Progress advantage extracts step-level rewards from RL post-training without annotation
A new technique derives optimal advantage functions from standard RL policy training, eliminating the need for dedicated reward models in long-horizon agent tasks.

Progress advantage is a step-level scoring method that extracts implicit reward signals directly from reinforcement learning post-training, eliminating the need for human annotation. Researchers derive the technique by computing the log-probability ratio between an RL-trained policy and its reference policy under a stochastic Markov decision process—a formulation that exactly recovers the optimal advantage function. Because it emerges as a byproduct of the standard RL pipeline, it works across domains and task horizons without task-specific training.

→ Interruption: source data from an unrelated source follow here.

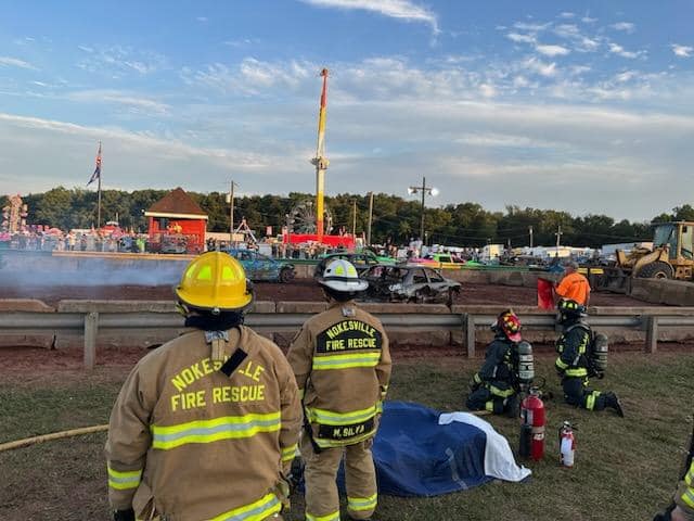Nokesville Crews helped Lake Jackson Volunteer Fire Department at the Prince William County Fair. Crews were on standby during the Demolition Derby to ensure the safety of the drivers and extinguish any fires.
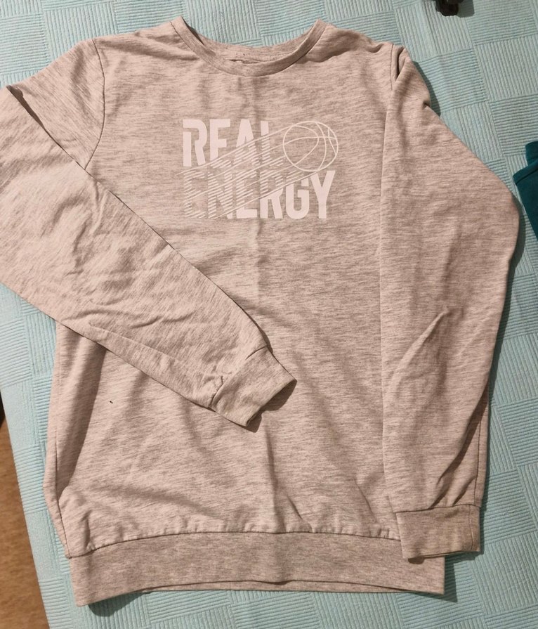 Gri renkli, uzun kollu ve bisiklet yaka erkek sweatshirtü. Bol kesimi ve "REAL ENERGY" baskısı ile rahat ve şık bir görünüm sunar. Günlük kullanıma uygun, yumuşak dokulu.
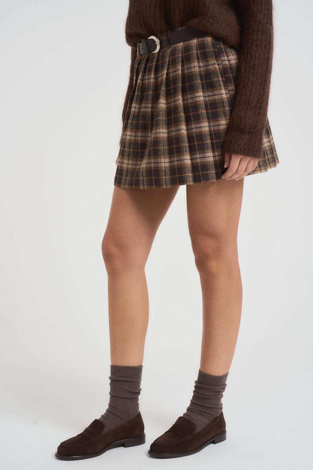 SUSY MIX Minigonna donna a pieghe moro. Modello in flanella con stampa check. Chiusura con zip laterale. Passanti in vita e cintura in dotazione. Composizione: 65% cotone, 30% poliestere, 5% altre fibre. La modella è alta 176 cm e indossa la taglia S.
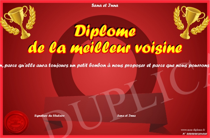 Envoyez par email votre Diplôme de la meilleur voisine personalisé
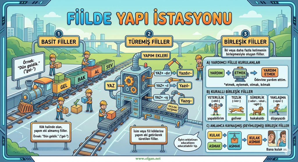 Bu bölüm, konunun temel kurallarını hatırlamanız için hazırlanmıştır. Basit, türemiş ve birleşik fiillerin yapısal farklarını inceleyerek pratik etkinliklere hazırlık yapacaksınız.
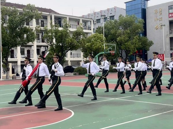 六点四十五分,升旗仪式正式开始。英姿飒爽的国旗护卫队迈着铿锵有力的步伐护送国旗入场。在雄壮的《义勇军进行曲》中,鲜艳的五星红旗冉冉升起,全体师生行注目礼,现场气氛庄严肃穆。
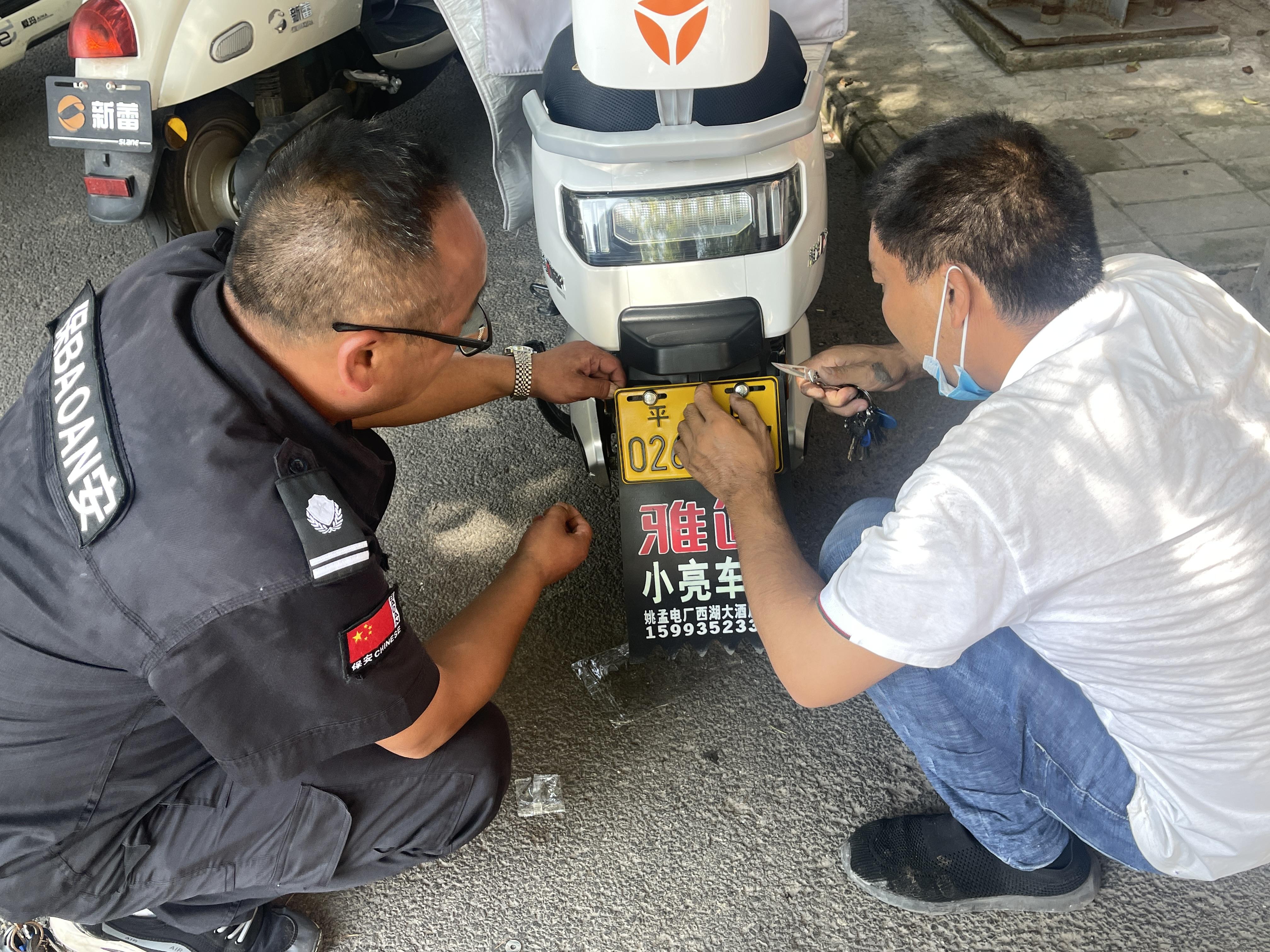7月11日上午,在湛河区姚孟街道姚电社区的3个电动车上牌点位上,社区居委会主任王秋田带领几名社区工作人员和大学生志愿者,引导居民有序排队、审核并登记信息、安装牌照。

Process reward models have become central to evaluating LLM reasoning and agent behavior at the step level, but building them for agentic settings has remained prohibitively expensive. Long-horizon interactions, irreversible actions, and stochastic environment feedback make both human annotation and Monte Carlo estimation infeasible at scale. Progress advantage sidesteps that bottleneck: the log-probability ratio between the RL-trained policy and its reference policy is already computed during standard post-training and can be repurposed as an optimal advantage function without any additional training. The signal is annotation-free, domain-agnostic, and available the moment RL post-training finishes.
Validation spanned three applications—test-time scaling, uncertainty quantification, and failure attribution—across five benchmarks and four model families. In every setting, progress advantage outperformed confidence-based baselines and, despite requiring no task-specific training, surpassed dedicated trained reward models that had been fine-tuned on labeled data for each benchmark.